I know I could have avoided this Monday morning stress by actually doing the work that was emailed to me over the weekend. But I felt entitled to my weekend. Friday was my Friday off. And, like almost every Friday I schedule off, there was an “emergency” that required me to drive to a client and work for half a day there. I did that, without complaint. I also worked on Snowpocalypse. Yes, the majority of the day I spent with the kids, playing play-doh and sledding outside. Husband has a job that requires him to work no matter the natural disaster - I had to watch the kids. But I still worked. After dinner I turned on a movie for the kids and redlined a brief. And I sent it to a partner. They know I was working. The firm didn’t get any “free day” from me.

So I felt entitled to take my weekend and focus on my family. With the loose definition of “emergency” employed by my firm, there will always be the opportunity to do additional work on the weekend. But there are only a few more weekends that I’ll be able to take my kids ice skating or participate in parent-tot gymnastics. I chose that.

But now I’m paying the price. I have no idea which project I’m going to do first, or how I’m even going to manage to do three “emergency” projects on top of the marketing meeting the firm scheduled for me this morning, the meeting with the chair of the non-profit I volunteer for and – oh yeah – my own caseload. I’m sure if you asked the partners they’d tell you that I’ll figure it out. And they are right.  I will figure it out. But I’d do the work with a lot less resentment if even one of the partners had asked me to do their project rather than assume I would drop everything to make their assumption a reality.

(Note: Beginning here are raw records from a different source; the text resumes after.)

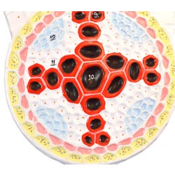 This Dicot Root Model from Eisco Labs is a vibrantly colored, hand-painted 3D model with detail that shows the inner anatomy and vasculature of a dicot root. This sturdy PVC plastic model is greatly magnified to provide an excellent visual for studying and testing. A key card highlighting the important anatomical features is included. Its plastic base measures 13 x 10 x 1 inches.Features
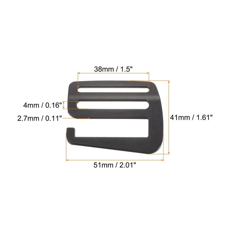 • [G-Hook Wave Buckle] - This set contains 4 pieces of matte black adjuster slide buckles. Total Size: 45mm x 41mm x 2.7mm/1.77" x 1.61" x 0.11"(L*W*T); Inner Size: 32mm x 4mm/1.26" x 0.16"(L*W).
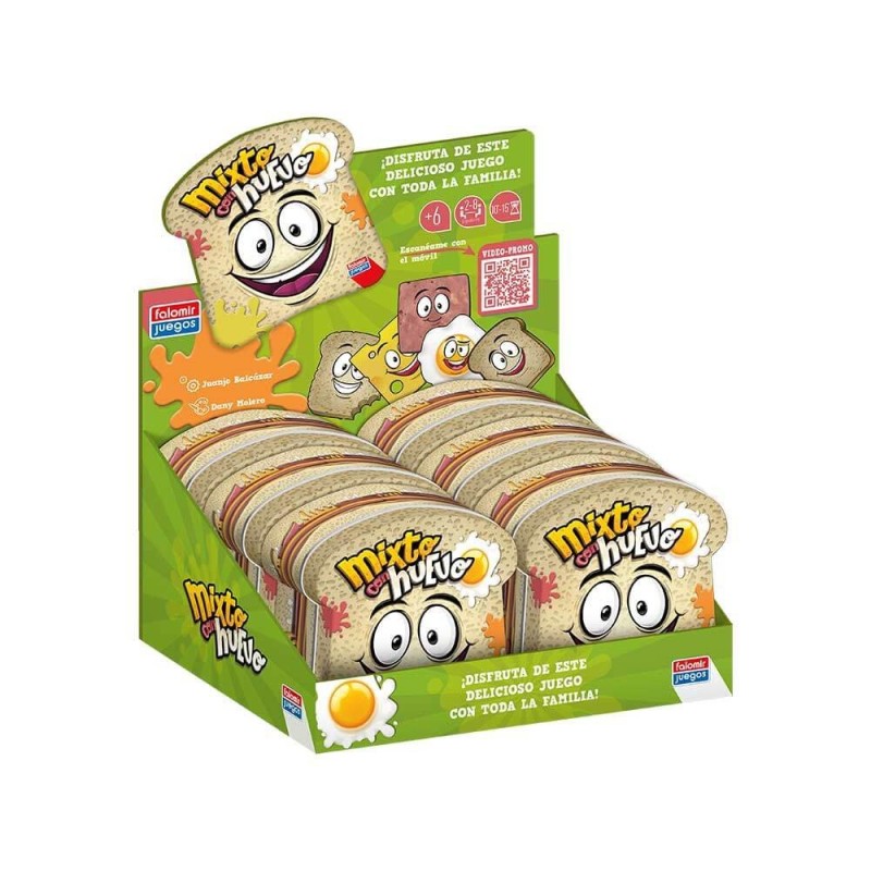 Edad recomendada: +6 años. Mixto Con Huevo es un juego de rapidez visual en el que los jugadores tendrán que ser los más rápidos en identificar patrones (tipos de bocadillos) en el centro de la mesa para ganar la partida. El que consiga todas las cartas será el ganador.
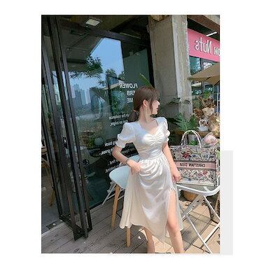 ワンピース レディース 40代 マキシワンピース 春夏新作 半袖ワンピース パフスリーブワンピース スリットスカート オシャレ韓国風 結婚式 お出かけ 30代50代
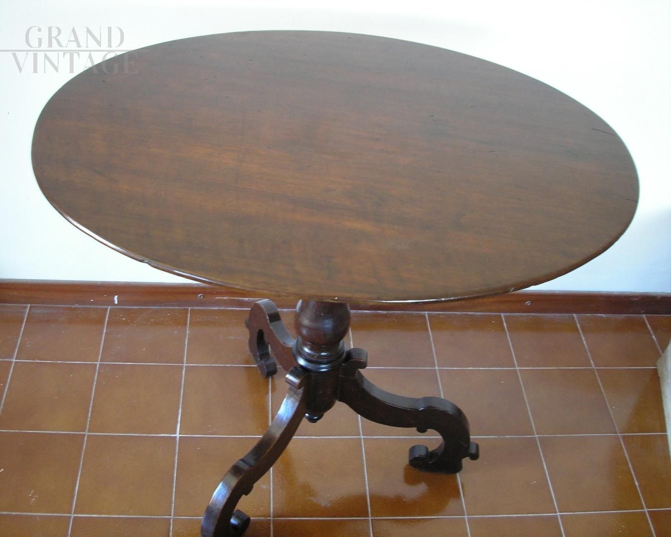 Oval table from the first half of the 18th century in Baroque style, in solid walnut, intact, in the first patina (only with cleaning of the top).
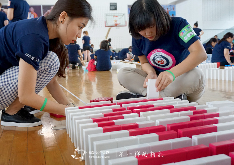 學員們半數以上是英孚的外教老師,雖然大家來自不同的國家,說著不同的語言,但同樣的熱情,同樣的認真細致,面對意外時同樣的包容。在多米諾的世界里,大家樹立了統一的目標,付諸了行動的力量,全身心的體驗巔峰挑戰,在感受心靈的碰撞的過程中,永不放棄、堅持到底,共同為視覺盛宴的到來而努力。
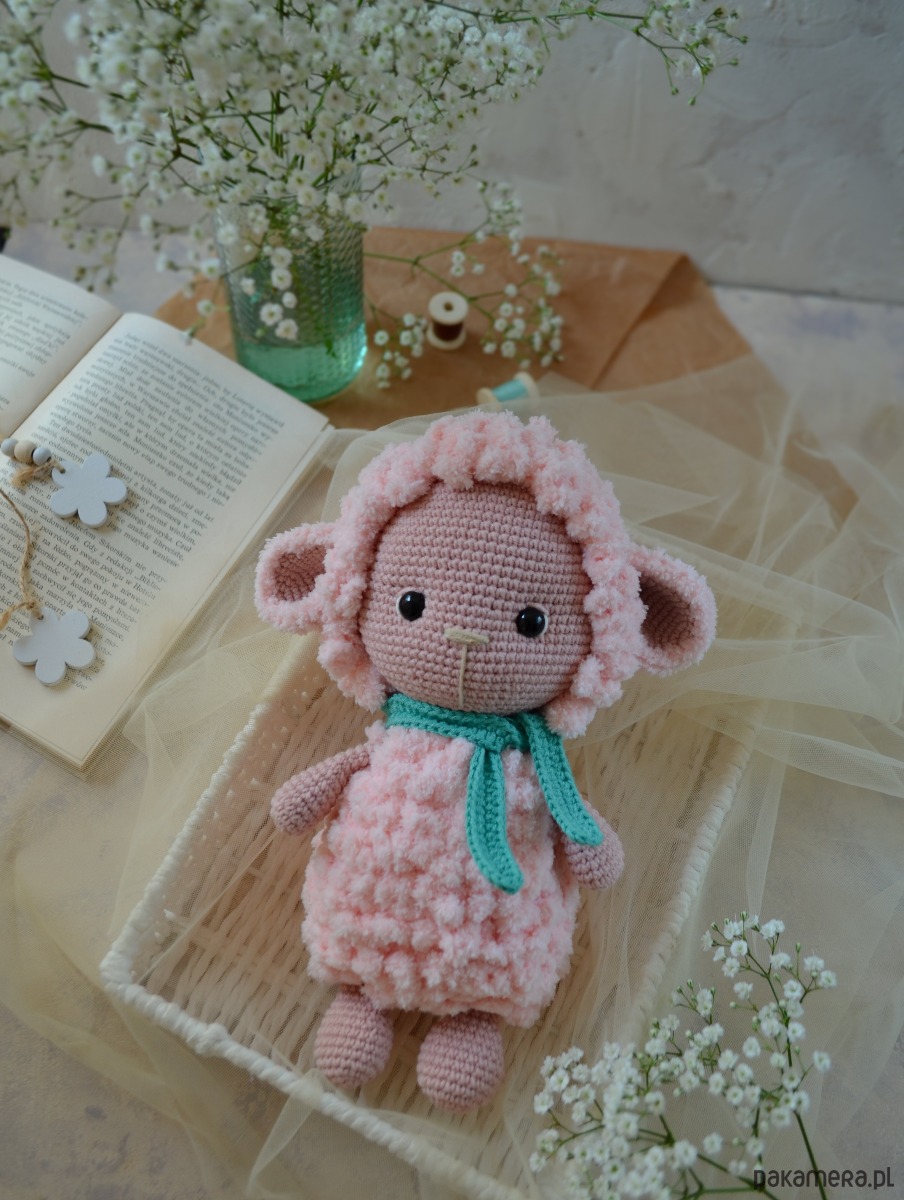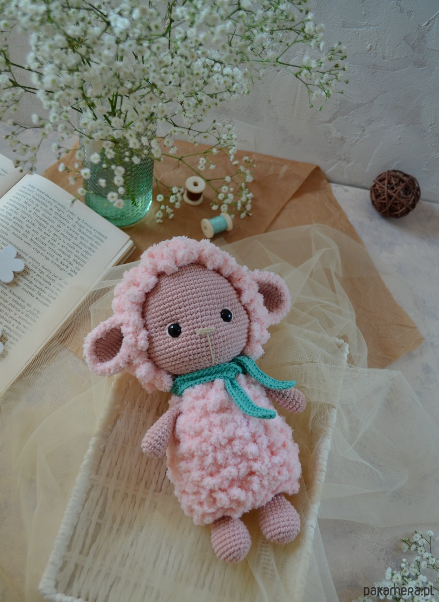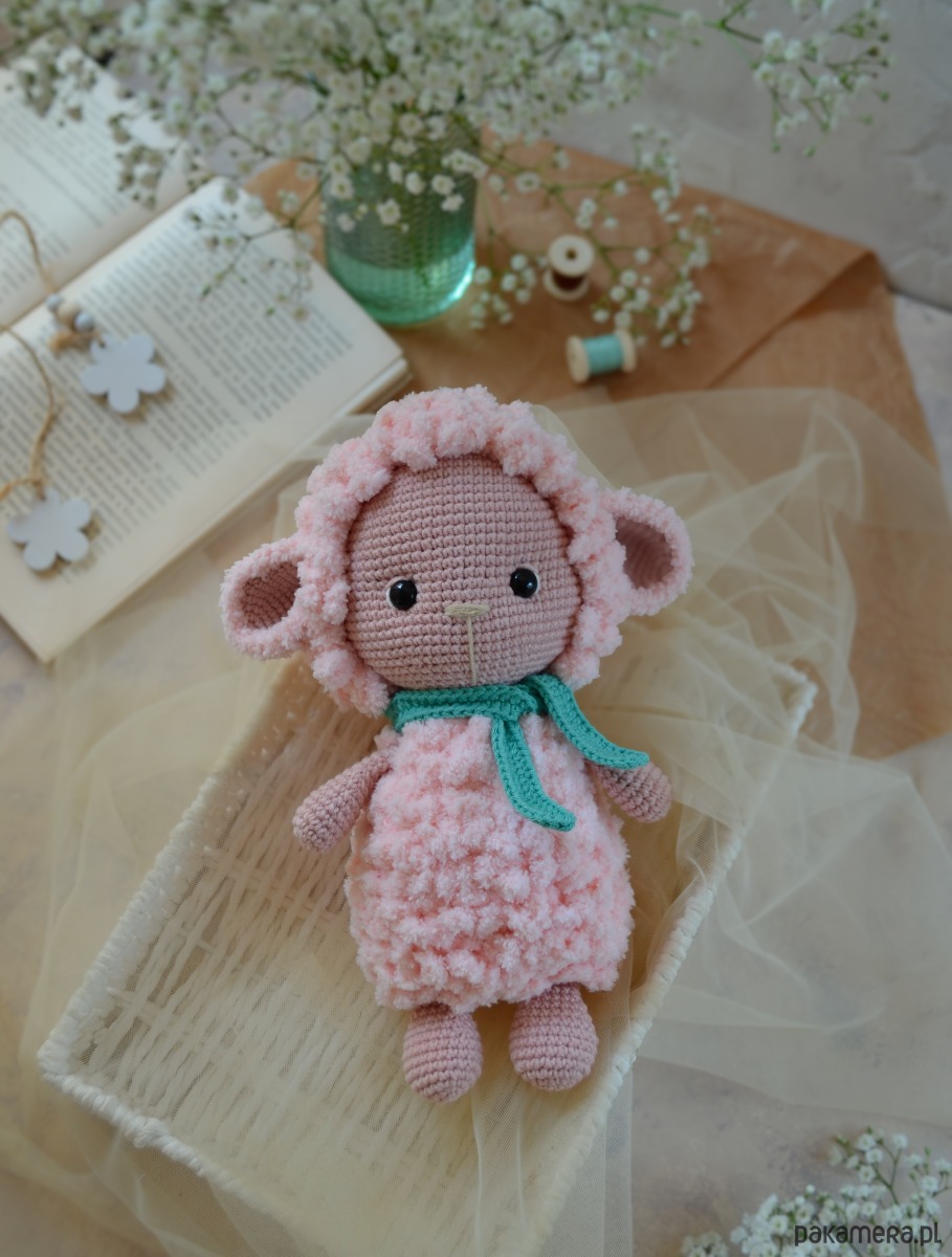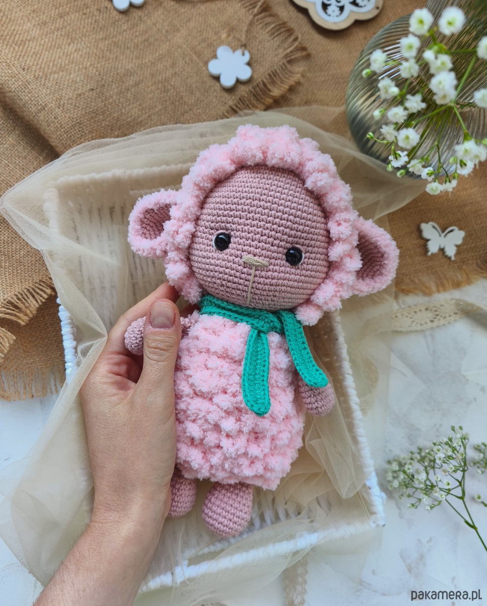 Pluszowa owieczka wykonana z półbawełnianej i pluszowej futrzanej włóczek, które posiadają Certyfikat Oeko-Tex.

The firm can continue dumping projects on me, trying to squeeze every last billable hour out of me. But they more they take away from my family during the week, the more I’m going to protect my weekend and day off. Push all you want, law firm, but you don’t own me just because you pay me a salary. You claim to be a firm that puts family first, and I’m going to be the one to hold you to that.  Or I'll be fired trying.